:: Problem details ::
Print back each record unchanged, without pictures.

***** Source data

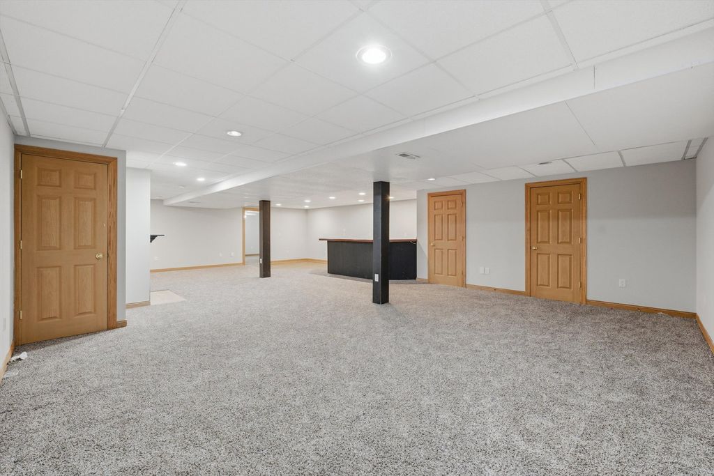 THIS BEAUTIFUL HOME HAS SO MANY DESIRABLE FEATURES, SUPER CUTE FRONT VERANDA,FRESHLY PAINTED THROUGHOUT, NEW APPLIANCES, HUGE LIVING ROOM WITH CATHEDRAL CEILING AND A BRICK FIREPLACE (2 FIREPLACE IN THIS HOME), SEPARATE LAUNDRY ROOM, COVERED PATIO, LARGE 27X27 GARAGE, ADORABLE CUSTOM SHED, FULL FINISHED BASEMENT WITH ADDITIONAL BEDROOM, BATH AND FIREPLACE, ALMOST 1/2 ACRE, CORNER LOT WITH DRIVE WAY TO FATASTIC SIZE 2 CAR GARAGE. MOVE IN READY.
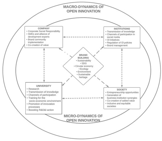 The concept of open innovation has moved from the triple helix to the quadruple helix as a model with which to identify connections across different stakeholders. According to [63], the triple helix model shows a non-linear model of innovation through interactions between universities, industries and government policies. The model proposed in this paper is based on the four-helix model (shown in Figure 1), including civil society, crowds strongly influenced by cultural contexts and the media.
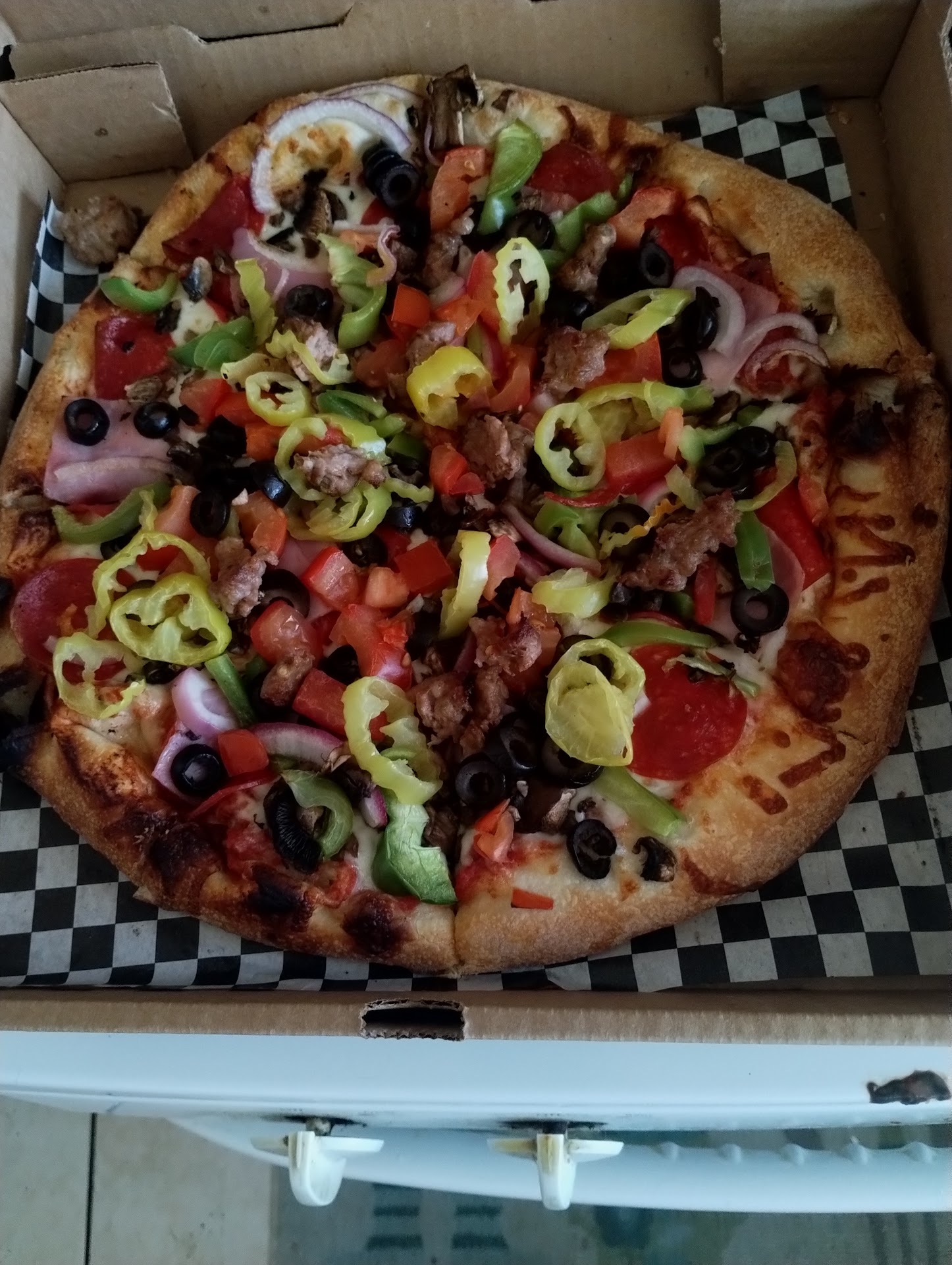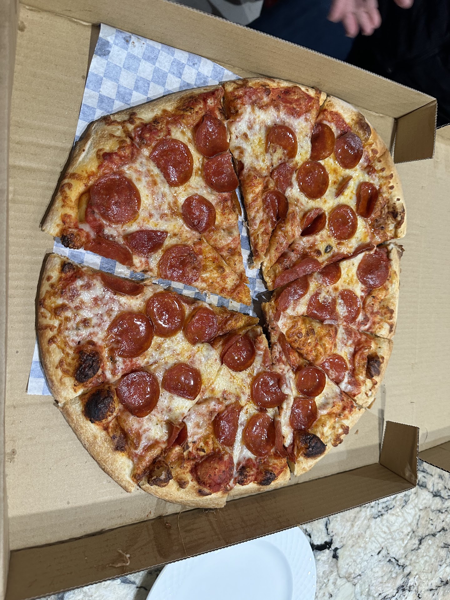 Honestly we loved it - small hole in the wall. There's one table with 2 chairs in the small area you order/pick up. There's delivery for a fee also , but we were close by. We called ahead. We were new to the area and ordered separate pizzas, the man on the phone told us if we ordered two of the same pizzas, but a bigger size, it'd be a few bucks cheaper. Wasn't the few bucks off, was the thoughtfulness. Food was ready when we were told. We had a stop to make , so idk of that was the reason the bottom of pizza was a bit soft- but put it on a pan for a few minutes and the gentle crunch, great flavors made it the best pizza I've had in a while. And omg must get the garlic knots and churro fries (literally fry size but so good and you get quite a few) we'll...
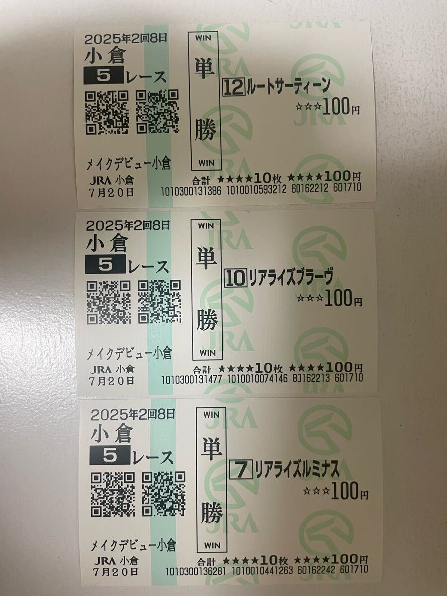 ベレシート メイクデビュー小倉 現地的中単勝馬券 2着ロードフィレール、3着ルートサーティーン、4着リアライズブラーヴ、5着リアライズルミナスのセット
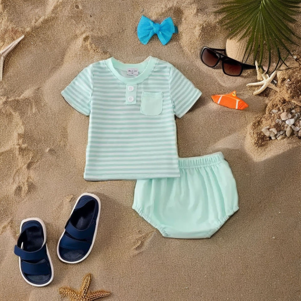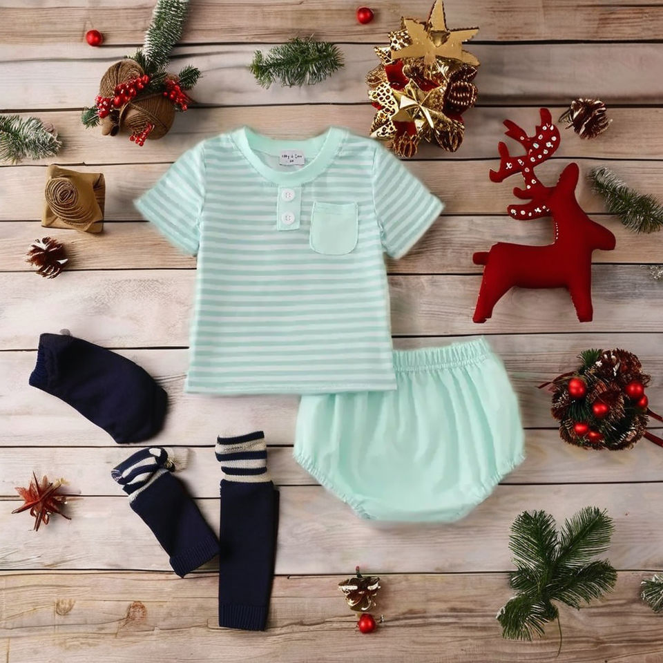 Adorable Soft Mint Stripe Bloomer Set Cozy Classic Striped Look Baby Outfit pour garçons Tissu doux

**********

:: Exercise response ::
 THIS BEAUTIFUL HOME HAS SO MANY DESIRABLE FEATURES, SUPER CUTE FRONT VERANDA,FRESHLY PAINTED THROUGHOUT, NEW APPLIANCES, HUGE LIVING ROOM WITH CATHEDRAL CEILING AND A BRICK FIREPLACE (2 FIREPLACE IN THIS HOME), SEPARATE LAUNDRY ROOM, COVERED PATIO, LARGE 27X27 GARAGE, ADORABLE CUSTOM SHED, FULL FINISHED BASEMENT WITH ADDITIONAL BEDROOM, BATH AND FIREPLACE, ALMOST 1/2 ACRE, CORNER LOT WITH DRIVE WAY TO FATASTIC SIZE 2 CAR GARAGE. MOVE IN READY.
 The concept of open innovation has moved from the triple helix to the quadruple helix as a model with which to identify connections across different stakeholders. According to [63], the triple helix model shows a non-linear model of innovation through interactions between universities, industries and government policies. The model proposed in this paper is based on the four-helix model (shown in Figure 1), including civil society, crowds strongly influenced by cultural contexts and the media.
 Honestly we loved it - small hole in the wall. There's one table with 2 chairs in the small area you order/pick up. There's delivery for a fee also , but we were close by. We called ahead. We were new to the area and ordered separate pizzas, the man on the phone told us if we ordered two of the same pizzas, but a bigger size, it'd be a few bucks cheaper. Wasn't the few bucks off, was the thoughtfulness. Food was ready when we were told. We had a stop to make , so idk of that was the reason the bottom of pizza was a bit soft- but put it on a pan for a few minutes and the gentle crunch, great flavors made it the best pizza I've had in a while. And omg must get the garlic knots and churro fries (literally fry size but so good and you get quite a few) we'll...
 ベレシート メイクデビュー小倉 現地的中単勝馬券 2着ロードフィレール、3着ルートサーティーン、4着リアライズブラーヴ、5着リアライズルミナスのセット
 Adorable Soft Mint Stripe Bloomer Set Cozy Classic Striped Look Baby Outfit pour garçons Tissu doux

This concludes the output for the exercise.